Warning! Keep this leaflet! Information on the immediate packaging in a foreign language.
Betaloc ZOK 25 (Selozok 25), 23.75 mg, prolonged-release tablets
Metoprolol succinate
Betaloc ZOK 25 and Selozok 25 are different trade names for the same medicine.
Please read this leaflet carefully before taking this medicine, as it contains
important information for the patient.

  • Keep this leaflet, so that you can read it again if necessary.
  • If you have any doubts, consult your doctor or pharmacist.
  • This medicine has been prescribed for a specific individual. Do not pass it on to others. It may harm someone else, even if their symptoms are the same.
  • If you experience any adverse effects, including any not listed in this leaflet, inform your doctor or pharmacist. See section 4.

Table of contents of the leaflet

  1. What Betaloc ZOK 25 is and what it is used for
  2. Important information before taking Betaloc ZOK 25
  3. How to take Betaloc ZOK 25
  4. Possible side effects
  5. How to store Betaloc ZOK 25
  6. Contents of the pack and other information

1. What Betaloc ZOK 25 is and what it is used for

Betaloc ZOK 25 contains the active substance metoprolol, which belongs to a group of medicines called
beta-blockers.
Metoprolol reduces the effects of stress hormones on the heart during physical and psychological stress.
This results in a slowing of heart function (reduction in heart rate).
Betaloc ZOK 25 is used in the treatment of:

  • high blood pressure (hypertension), to lower blood pressure and reduce the risk of complications (such as myocardial infarction or stroke) and death (including sudden cardiac death) due to cardiovascular causes,
  • chest pain caused by insufficient oxygen supply to the heart (angina pectoris),
  • irregular heart rhythm (arrhythmia), especially supraventricular tachycardia, ventricular extrasystoles, and atrial fibrillation, to slow down ventricular rate,
  • palpitations (awareness of heartbeat) due to non-organic (functional) heart disorders,
  • chronic heart failure (with symptoms such as shortness of breath and ankle swelling), in combination with other medicines used for heart failure, to improve survival, reduce hospitalization rates, improve left ventricular function, and enhance quality of life.

Betaloc ZOK 25 is used in prevention of:

  • recurrence of myocardial infarction or sudden death after the acute phase of myocardial infarction,
  • migraine attacks.

Betaloc ZOK 25 is used in the treatment of high blood pressure (hypertension) in children and adolescents aged 6 to 18 years.

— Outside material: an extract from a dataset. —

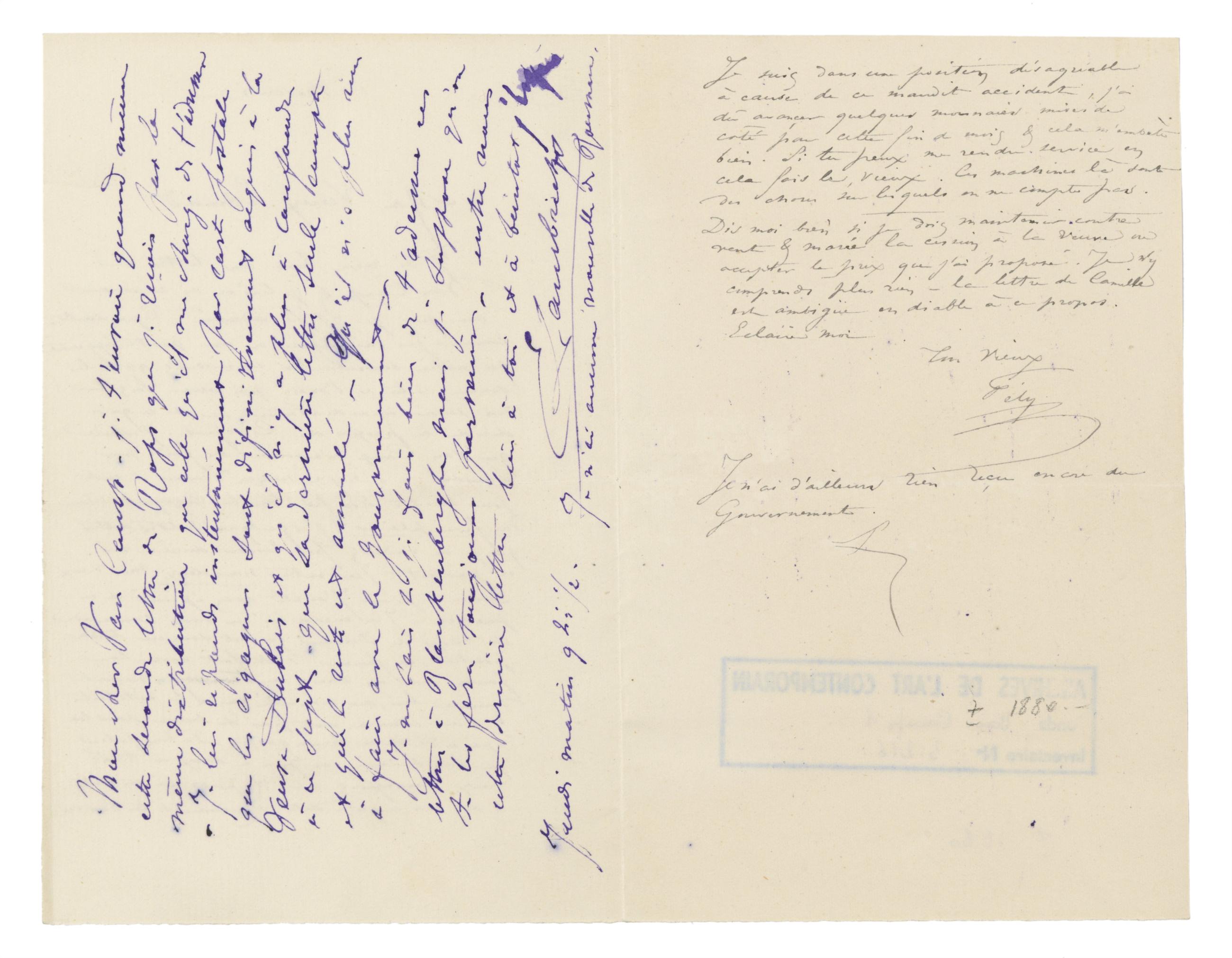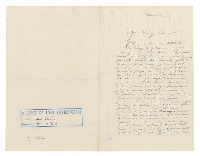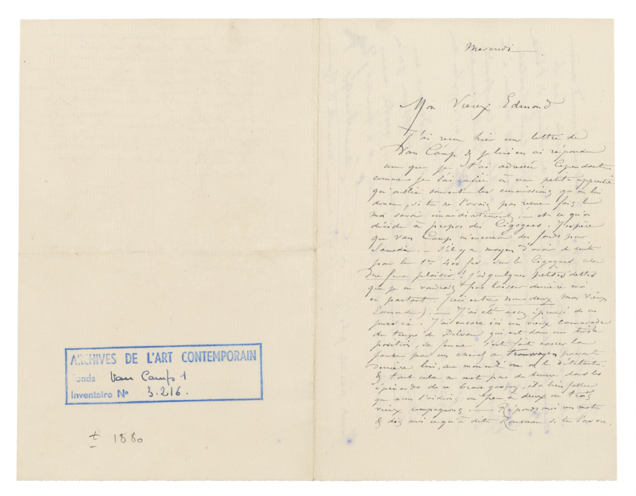 J’ai reçu hier une lettre de Van Camp & je lui en ai répondu une que je t’ai adressée. Cependant comme je l’ai confiée à une petite apprentie qui oublie souvent les commissions qu’on lui donne, si tu ne l’avais pas reçue fais le moi savoir immédiatement. – et ce qu’on décide à propos des Cigognes. J’espère que Van Camp m’enverra des fonds pour Samedi. – S’il y a moyen d’avoir de suite pour le 1er 400 frs sur les Cigognes cela me fera plaisir ! J’ai quelques petites dettes que je ne voudrais pas laisser derrière moi en partant. (ceci entre nous deuxmon vieux Edmond). – J’ai été assez éprouvé de ces jours ci. J’ai encore ici un vieux camarade du temps de Delvau qui est dans une triste position, sa femme s’est fait casser la jambe par un cheval de tramway en passant derrière lui, au moment où on le dételait, & tout cela ne met pas du beurre dans les épinards de ce brave garçon, il a bien fallu que nous l’aidions un peu, à deux ou trois vieux compagnons. – Réponds moi un mot & dis moi ce qu’à dit Rousseau si tu l’as vu.

2. Important information before using Betaloc ZOK 25

When not to use Betaloc ZOK 25:

  • if the patient is allergic to metoprolol tartrate or any of the other ingredients of this medicine (listed in section 6);
  • if the patient is allergic to other beta-adrenergic receptor blockers, e.g. atenolol, propranolol;
  • if the patient has:
  • cardiogenic shock,
  • sick sinus syndrome (unless a pacemaker has been implanted),
  • second- or third-degree atrioventricular block,
  • uncontrolled heart failure (shortness of breath, ankle swelling),
  • bradycardia (slowing of the heart rate below 45 beats per minute),
  • very low blood pressure which may cause fainting,
  • severe peripheral arterial circulatory disorders,
  • metabolic acidosis,
  • untreated phaeochromocytoma,
  • suspected recent myocardial infarction if heart rate is less than 45 beats per minute, PQ interval is longer than 0.24 s, or systolic blood pressure is less than 100 mmHg,
  • if the patient is receiving (short- or long-term) drugs with positive inotropic action stimulating beta-adrenergic receptors.

Warnings and precautions
Before starting treatment with Betaloc ZOK 25, discuss this with your doctor. You should
inform your doctor if the patient has:

  • bronchial asthma, wheezing or other similar breathing disorders or allergic reactions, e.g. to insect venom, food or other substances. If the patient has ever experienced an asthma attack or wheezing – this medicine should not be used without consulting a doctor,
  • chest pain due to Prinzmetal's angina,
  • circulatory disorders or heart failure,
  • liver disease,
  • first-degree heart block (conduction disturbances in the heart),
  • intermittent claudication (tiring and weakening of one or both legs while walking),
  • diabetes (your doctor may recommend changing the dose of antidiabetic medicines),
  • hyperthyroidism – Betaloc ZOK 25 may mask its symptoms,
  • phaeochromocytoma,
  • psoriasis.

You should consult your doctor, even if the above warnings refer to conditions that occurred
in the past.
Before planned anaesthesia, inform your dentist or anaesthesiologist that you are taking
Betaloc ZOK 25.
Do not suddenly stop treatment with Betaloc ZOK 25. If stopping treatment is necessary,
the medicine should be withdrawn gradually, if possible, over a period of at least two weeks,
with decreasing doses down to half a 25 mg tablet once daily, for at least four days before
completely stopping intake.

Betaloc ZOK 25 and other medicines
Tell your doctor about all medicines the patient is currently taking or has recently taken,
as well as any medicines the patient plans to take. This includes eye drops, injectable
medicines, over-the-counter medicines, including herbal remedies and dietary supplements.
Some medicines may affect the action of other medicines. Consult your doctor if
the patient is taking any of the following medicines:

  • Medicines used to treat cardiovascular diseases (such as digitalis glycosides/digoxin, calcium antagonists, antiarrhythmics, ganglion-blocking agents, hydralazine).
  • Other medicines such as monoamine oxidase inhibitors (MAO inhibitors), inhaled anaesthetics, antibacterial agents (rifampicin), medicines used for peptic ulcer disease (cimetidine), anti-inflammatory medicines (e.g. indomethacin, celecoxib), certain antidepressants and antipsychotics, antihistamines, other beta-adrenergic receptor blockers (e.g. eye drops) and other substances (e.g. alcohol, certain hormones).
  • If the patient is taking clonidine and Betaloc ZOK 25 simultaneously and discontinuation of clonidine treatment is necessary, Betaloc ZOK 25 should be withdrawn a few days before stopping clonidine. Information on discontinuation of Betaloc ZOK 25 can be found in the section "Warnings and precautions".
  • If the patient is taking oral antidiabetic medicines, your doctor may adjust their dosage.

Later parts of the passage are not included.